A decisão da governadora Raquel Lyra de levar adiante a concessão dos serviços da Compesa é, antes de tudo, uma escolha de alto risco político. Trata-se de uma aposta clara: ou o modelo entrega resultados concretos e melhora um serviço historicamente mal avaliado pela população, ou o ônus recairá integralmente sobre o Palácio do Campo das Princesas. Ao assumir o protagonismo do processo, Raquel retira de si a possibilidade de terceirizar responsabilidades no futuro.

Se a concessão produzir os efeitos prometidos, ampliação da oferta de água, regularidade no abastecimento e avanço da infraestrutura hídrica nos municípios, a governadora acumulará um ativo político relevante. Poucos temas são tão sensíveis quanto água no cotidiano da população, especialmente no interior. Melhorar um serviço que há décadas simboliza ineficiência pode consolidar a imagem de uma gestora disposta a enfrentar problemas estruturais e a tomar decisões impopulares no curto prazo para colher resultados no médio e longo prazo.

Ou, bola fora?

Por outro lado, o histórico da Compesa pesa contra a margem de erro do governo. O serviço é reconhecidamente precário em grande parte do Estado, e a população tende a reagir com desconfiança a mudanças que envolvem concessões. Caso os investimentos não se traduzam em melhorias perceptíveis, ou se o modelo falhar na execução, a responsabilidade política será direta. A concessão deixará de ser vista como solução e passará a ser associada a uma promessa frustrada, com impacto potencial no capital político da governadora.

O futuro dirá

Em síntese, Raquel Lyra fez uma escolha que não admite meio-termo. Ao optar pela concessão, colocou sua gestão como fiadora de um novo modelo para um velho problema. O sucesso pode reposicionar seu governo como agente de transformação; o fracasso, no entanto, tende a reforçar a descrença da população e cobrar um preço elevado de quem decidiu mudar o rumo de um serviço que, historicamente, nunca funcionou bem.

Ato político

A confraternização promovida pelo presidente da Alepe, Álvaro Porto e seu filho, Gabriel Porto, ambos do PSDB, acabou se transformando em um ato político em torno da pré-candidatura do prefeito João Campos ao Governo de Pernambuco.

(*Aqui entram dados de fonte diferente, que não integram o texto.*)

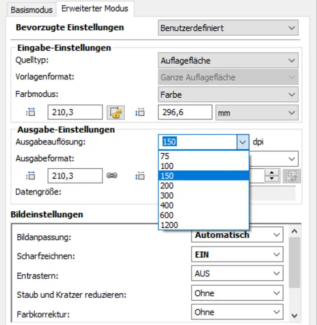 Bild 10: Die Auflösung lässt sich in der Software regeln. Für Texte reichen 150 dpi völlig aus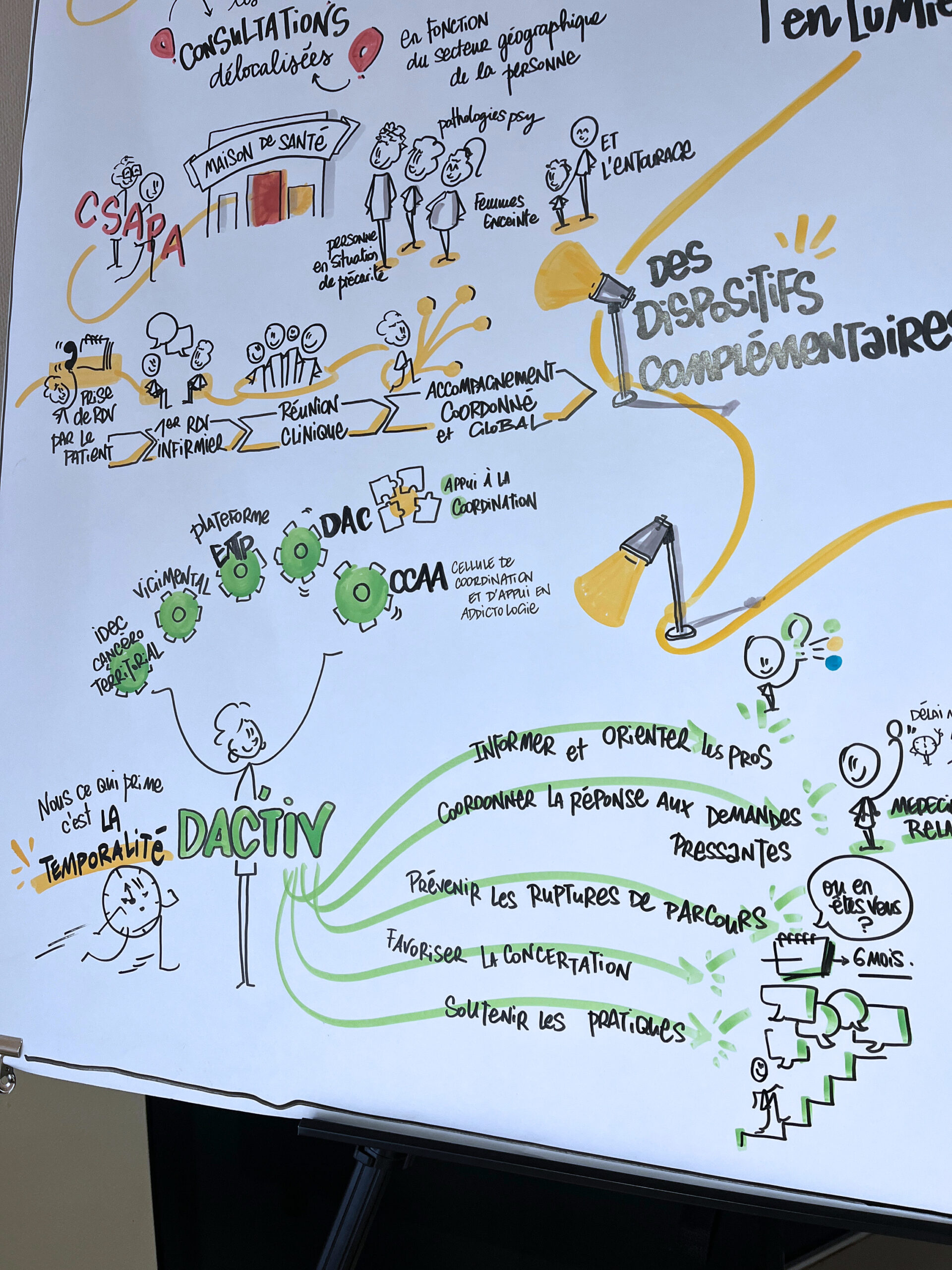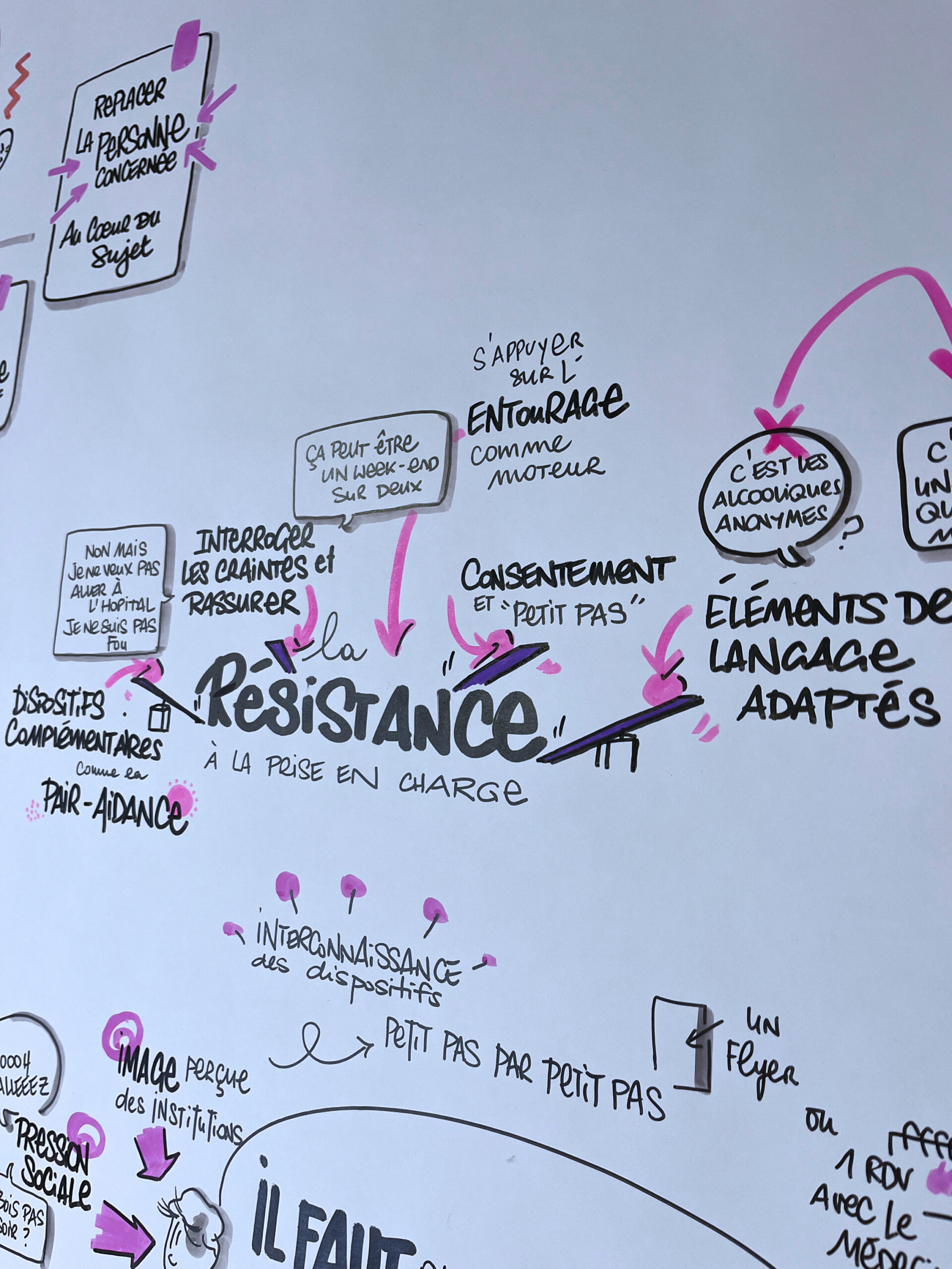 Présentation de la synthèse à la fin de la matinée et de la journée aux participants : un temps de retour sur le contenu et la dynamique de l’évènement.

Embora não tenha sido anunciado oficialmente com esse objetivo, a mobilização reuniu aliados e lideranças, assumindo contornos de articulação eleitoral.

O encontro ocorreu na capital pernambucana e foi marcado por manifestações públicas de apoio ao prefeito, que vem sendo apontado como um dos principais nomes do PSB para a disputa estadual. A presença de representantes políticos e militantes deu ao evento um caráter de demonstração de força e de alinhamento em torno do projeto liderado por João Campos.

Nos bastidores, a avaliação é de que o episódio funcionou como um teste de mobilização e reforçou a leitura de que a pré-candidatura do prefeito ao governo do estado já começa a ganhar forma, mesmo sem um lançamento formal.

Quem fica com a vaga?

A confra promovida pelo presidente da Alepe e seu filho, reuniu três nomes apontados como postulantes às vagas ao Senado na possível chapa liderada pelo prefeito do Recife, João Campos. Estiveram presentes o ministro Silvio Costa Filho, o ex-prefeito de Petrolina Miguel Coelho e a ex-deputada Marília Arraes. Só faltou o senador Humberto Costa (PT), considerado nome praticamente certo na composição.

Com Humberto dado como presença garantida, a disputa passa a se concentrar na segunda vaga. Silvio Costa Filho, Miguel Duque e Marília Arraes surgem como os principais interessados, em um cenário que ainda está longe de definição.

No caso de Miguel Coelho, há um fator adicional de incerteza. Com a formalização da União Progressista, cresce a possibilidade de Eduardo da Fonte ser alçado como candidato ao Senado. Caso isso se confirme, a tendência é que a candidatura ocorra na chapa pela reeleição da governadora Raquel Lyra, o que pode deixar Miguel fora da disputa majoritária em 2026.

Frase da semana

“Minha solidariedade pela cretinice do ataque que o Zezé di Camargo fez a elas. Ele não teria coragem de fazer aquele ataque a homens, mas ele fez às mulheres”.

Presidente Lula falando sobre ataque de Zezé di Camargo ao SBT.